Кравченко замер: сейчас что-то будет. Сидоров глядел на Новлянского задумчиво.

– Умный, ничего не скажешь, – сказал он просто. – Умный вы человек, Петр Станиславович. Такой молодой, а уже… не гнетесь, не ломаетесь – что ж, и правильно. Урок мне: с умными людьми не вести себя по-дурацки. Но все-таки, пусть она этого прямо и не сказала, но факт-то остался фактом.

– Факт, вернее, версия о том, что мне в первую очередь выгодна смерть Андрея? – Новлянский кивнул. – Да, пожалуй. Если бы я был недалеким сыщиком, я бы тоже за эту версию ухватился обеими руками.

– Ну и как же нам в таком случае быть с вами?

– А вы разве недалекий сыщик, капитан? Да бросьте.

Сидоров усмехнулся:

– А я вот возьму и разочарую вас, Петр Станиславович. Ну зачем все усложнять? А чем эта версия плоха? Мне она кажется самой правдоподобной из всех остальных.

– Версия о том, что я – убийца? – Новлянский сдвинул белесые брови. – Вас это полностью устраивает? Да бросьте, капитан. И в это я тоже никогда не поверю.

– Почему? – на этот раз Сидоров удивился вполне искренне.

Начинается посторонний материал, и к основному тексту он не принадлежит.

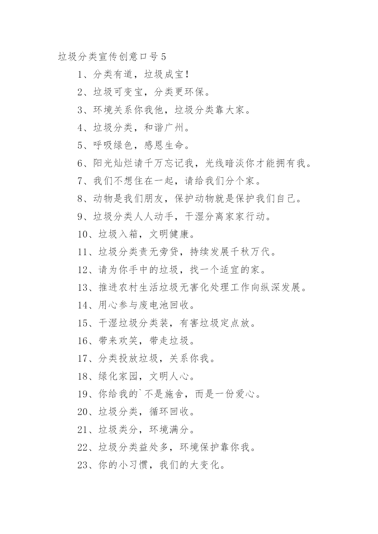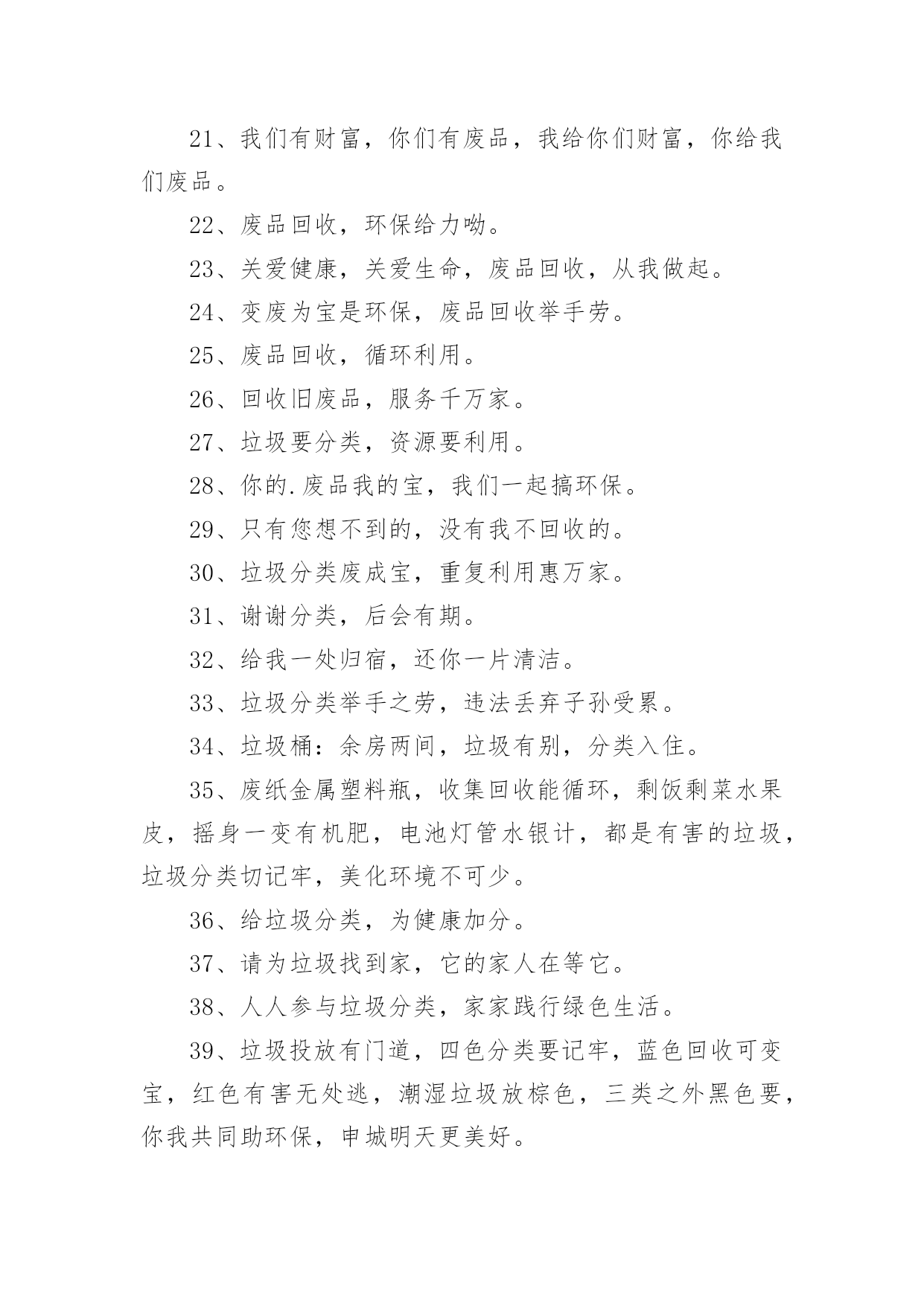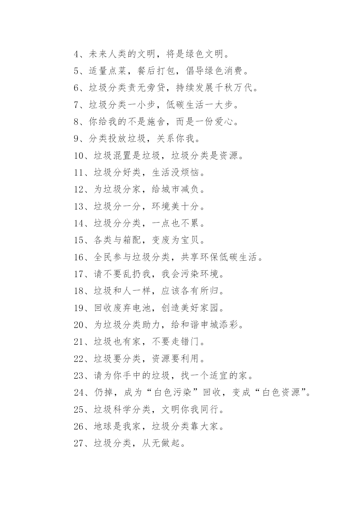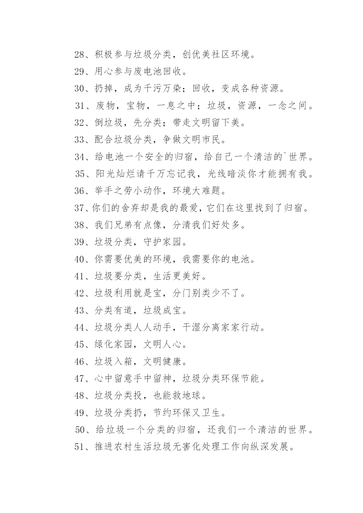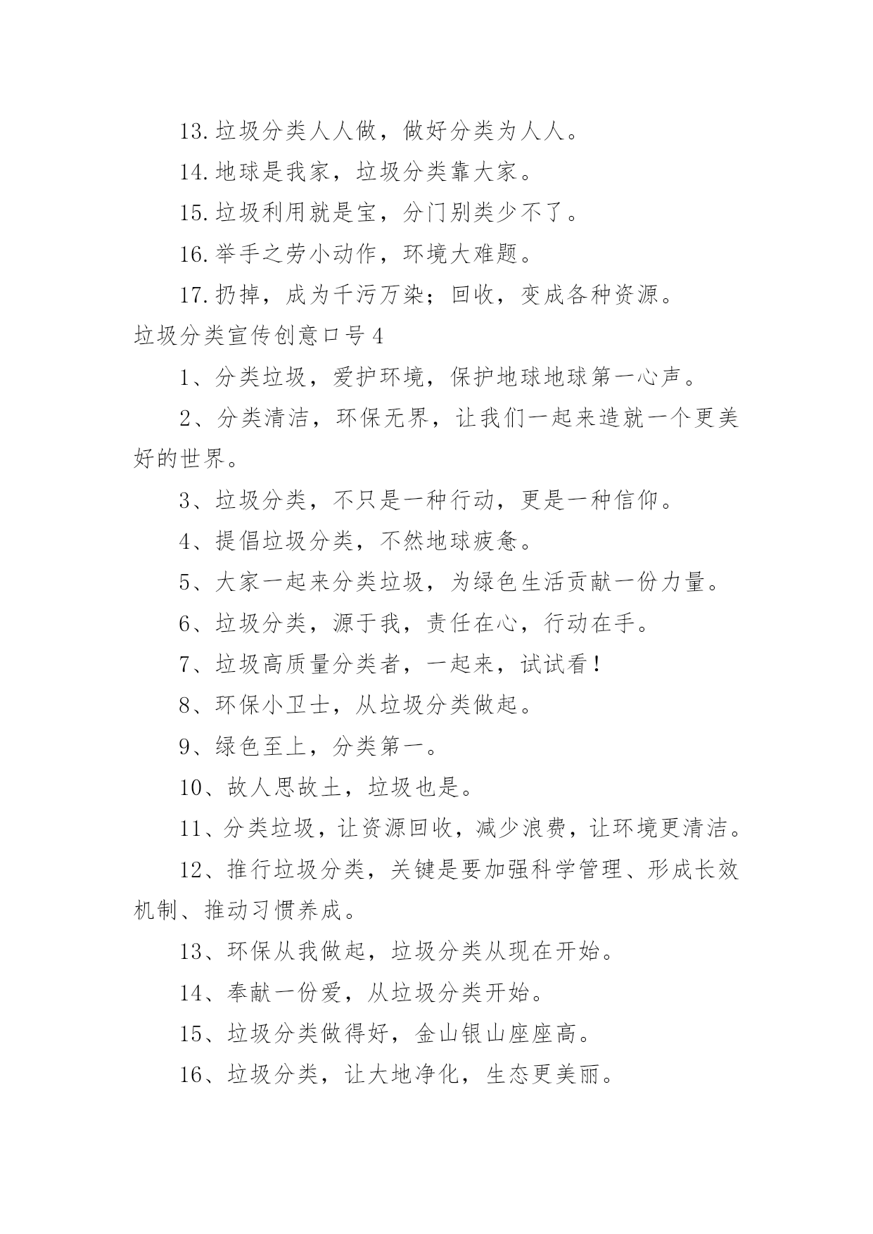 垃圾分类宣传创意口号垃圾分类宣传创意口号在我们平凡的日常里,大家都知道一些经典的口号吧,口号对人们的思维是有一定的感性作用的。那什么样的口号才是经典的呢?下面是小编精心整理的垃圾分类宣传创意口号,仅供参考,大家一起来看看吧。垃圾分类宣传创意口号11、垃圾分类一小步,低碳生活一大步。2、垃圾可变宝,分类更环保。3、给垃圾一个分类的`归宿,还我们一个清洁的世界。4、垃圾分类人人做,做好分类为人人。5、地球是我家,垃圾分类靠大家。6、分类让垃圾变宝,和谐让上海微笑。7、垃圾要分类,生活更美好。8、就算是扔垃圾,也能小窥操行之高低。9、垃圾分类人人动手,干湿分离家家行动。10、垃圾也想有个家,一个不大不小的处所。垃圾分类宣传创意口号21、不要让垃圾回错家。2、垃圾也想有个家,一个不大不小的处所。3、垃圾分类人人做,做好分类为人人。4、未来人类的文明,将是绿色文明。5、适量点菜,餐后打包,倡导绿色消费。6、垃圾分类责无旁贷,持续发展千秋万代。7、垃圾分类一小步,低碳生活一大步。8、你给我的不是施舍,而是一份爱心。9、分类投放垃圾,关系你我。10、垃圾混置是垃圾,垃圾分类是资源。11、垃圾分好类,生活没烦恼。12、为垃圾分家,给城市减负。13、垃圾分一分,环境美十分。14、垃圾分分类,一点也不累。15、各类与箱配,变废为宝贝。16、全民参与垃圾分类,共享环保低碳生活。17、请不要乱扔我,我会污染环境。18、垃圾和人一样,应该各有所归。19、回收废弃电池,创造美好家园。20、为垃圾分类助力,给和谐申城添彩。21、垃圾也有家,不要走错门。22、垃圾要分类,资源要利用。23、请为你手中的垃圾,找一个适宜的家。24、仍掉,成为“白色污染”回收,变成“白色资源”。25、垃圾科学分类,文明你我同行。26、地球是我家,垃圾分类靠大家。27、垃圾分类,从无做起。28、积极参与垃圾分类,创优美社区环境。29、用心参与废电池回收。30、扔掉,成为千污万染;回收,变成各种资源。31、废物,宝物,一息之中;垃圾,资源,一念之间。32、倒垃圾,先分类;带走文明留下美。33、配合垃圾分类,争做文明市民。34、给电池一个安全的归宿,给自己一个清洁的`世界。35、阳光灿烂请千万忘记我,光线暗淡你才能拥有我。36、举手之劳小动作,环境大难题。37、你们的舍弃却是我的最爱,它们在这里找到了归宿。38、我们兄弟有点像,分清我们好处多。39、垃圾分类,守护家园。40、你需要优美的环境,我需要你的电池。41、垃圾要分类,生活更美好。42、垃圾利用就是宝,分门别类少不了。43、分类有道,垃圾成宝。44、垃圾分类人人动手,干湿分离家家行动。45、绿化家园,文明人心。46、垃圾入箱,文明健康。47、心中留意手中留神,垃圾分类环保节能。48、垃圾分类投,也能救地球。49、垃圾分类扔,节约环保又卫生。50、给垃圾一个分类的归宿,还我们一个清洁的世界。51、推进农村生活垃圾无害化处理工作向纵深发展。52、垃圾要回家,请您帮忙它。53、垃圾分类,举手之劳。54、分类收集人人有责,男女老幼齐参与。55、请你靠近我播下一个行动,你将收获一份美丽。56、带来欢笑,带走垃圾。57、垃圾不分类,等于在浪费。58、垃圾要分类,生活要品位。59、垃圾分类靠大家,健康生活你我他。60、养成文明餐饮习惯,减少餐厨垃圾。61、干湿垃圾分类装,有害垃圾定点放。62、要是垃圾变为宝,分类回收不可少。63、动物是我们朋友,保护动物就是保护我们自己。64、就算是扔垃圾,也能小窥操行之高低。65、想要垃圾变为宝,分类回收不可少。66、你们的'舍弃却是我的最爱,它们在这里找到了归宿。67、众人一条分类心,垃圾也能变成金。68、垃圾分类,循环回收。69、有了垃圾分类箱,垃圾回家方便多。70、我们不想住在一起,请给我们分个家。71、请为你手中的垃圾,找一个合适的家。72、分类一小步,文明一大步。73、红橙蓝绿,垃圾也可添美丽。74、提高社区的品味,从垃圾分类开始。75、创意生活,文明分类。76、垃圾分类,人人有责。77、垃圾可变宝,分类更环保。78、垃圾分类人人做,做好分类为人人!79、垃圾分类做得好,明天生活会更好。80、垃圾分类,举手之劳;变废为宝,美化家园。81、垃圾处理有法宝,分门别类利环保。82、垃圾分分类,大家都不累。83、举手之劳,资源永续的源泉。84、美味的“食物”,只有分类吃才更香。垃圾分类宣传创意口号31.垃圾分分类,大家都不累。2.你们的'舍弃却是我的.最爱,它们在这里找到了归宿。3.回收废弃电池,创造美好家园。4.给电池一个安全的归宿,给自己一个清洁的世界。5.垃圾要回家,请您帮忙它。6.垃圾也有家,不要走错门。7.垃圾分类一小步,低碳生活一大步。8.垃圾分类做得好,明天生活会更好。9.分类一小步,文

– А потому что в моем доме совершено не одно, а уже два убийства. И если первое действительно мне в какой-то мере выгодно, то второе – вам ли это не знать – невыгодно совершенно. Более того – это настоящий удар по мне.

– Мне ли не знать? – Сидоров почесал подбородок. – Хм, разве вы были настолько близки с гражданкой Даро Майей Тихоновной, что восприняли ее смерть как удар?

– Мы были союзниками.

– В чем же?

– В одном важном вопросе. Но к деньгам это отношения не имеет.

– Вы не хотите сказать, в каком?

– Это касается частной жизни моей семьи.

– Увы, ваши умные слова, Петр Станиславович, – всего лишь слова. И они представляются мне пустой отговоркой.

– Ну раз так… выходит, мое замечание о далеких и недалеких сыщиках было сделано впустую. В таком случае думайте что хотите. Если дойдет до самого худшего и меня арестуют по этой вашей глупой и бездоказательной версии, я обсужу с моим адвокатом, насколько моя защита на суде окрепнет от оглашения этих частных сведений. Но до тех пор не скажу ничего.

– А другие вопросы вам можно задавать без адвоката пока что?

– Это допрос?

– Беседа. Я же не записываю ничего, видите.

– Хорошо, попробуйте. – Пит усмехнулся, кивнув Мещерскому: – К тебе он так же подъезжал, нет?

– Вы любили свою мать? – неожиданно спросил Сидоров.

– Очень любил. Она умерла молодой. А почему это вас интересует?

– Так. Просто я так и думал, что вы – любящий сын. Но пойдем дальше. Утром накануне первого убийства вас видели вместе с Андреем Шиповым. О чем у вас шел разговор?

Новлянский помолчал.

– Это вам Димка сказал? – он прищурился. – Круто вы с ним в тот раз обошлись. Чего с перепугу не соврешь… Но я – не Корсаков, вы это, надеюсь, понимаете?

– Конечно, понимаю, – опер кивнул. – Поэтому и беседуем мы с вами на вольном воздухе, а не у меня в кабинете. Так вы будете отвечать? Или тоже только при адвокате?

– Отчего же, буду. В этом никакого секрета нет. В то утро мы с Андреем говорили о Марине Ивановне. Нас обоих беспокоило ее состояние.

– Она что – больна?

– У нее нервы шалят. Давно уже.

– И что конкретно вам сказал Андрей?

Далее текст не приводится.